One example: Wengrow and Graeber examine the possibility that North American First Nation's way of life influenced and inspired the European Enlightenment.
The book has traditionally been interpreted as being a liberal critique of French society that simply uses a mythical Wendat as an interlocutor. Perhaps -- but Kandiaronk was a real person. His existence is documented in First Nation's oral history, and in multiple contemporary European historical accounts. Moreover, these historical accounts (letters, journals, church reports) are uniformly admiring of Kandiaronk's intellect -- one Jesuit calls him 'surely the most intelligent man who ever lived'. And remember, Jesuits were the intellectuals of the Catholic Church.

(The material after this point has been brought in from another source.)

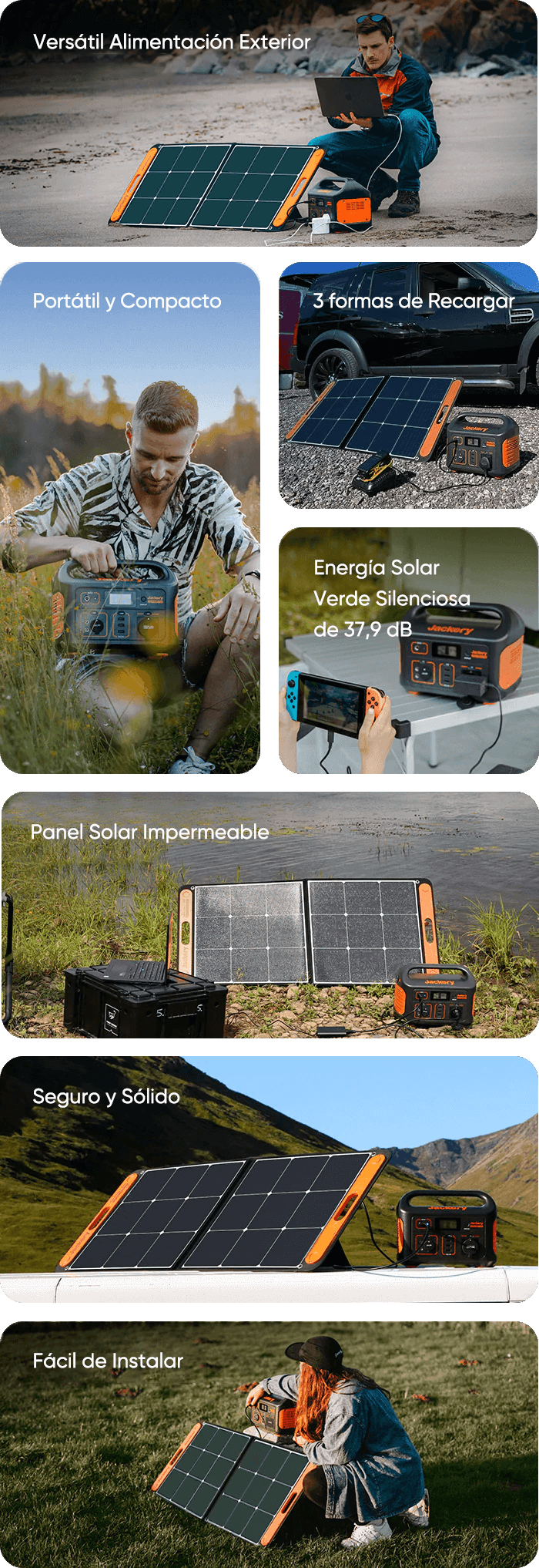 Con sus tres puertos USB, una salida de CA, y una salida de auto de 12 V, el Generador Solar 500 de Jackery convierte la energía solar para suministrar una energía de ONDA SINUSOIDAL PURA estable a tus dispositivos y electrodomésticos pequeños, como lámparas, laptops, teléfonos, refrigeradores pequeños, máquinas CPAP, y otros dispositivos.

So why shouldn't we believe that the critiques of European society attributed to Kandiaronk were his own? Particularly given that Lahontan knew Kandiaronk, and there is a plausible argument to be made that Kandiaronk himself actually visited France as part of an Indigenous delegation that visited the French court in 1691. So why shouldn't we believe that a book that was widely read and widely translated affected the intellectual climate of its time?
That argument gives you a taste for the kind of information and analysis that Graeber and Wengrow provide throughout the thoroughly entertaining (and well-referenced) pages of The Dawn of Everything. Just don't expect their discussions to come to the conclusions that they claim to be pursuing.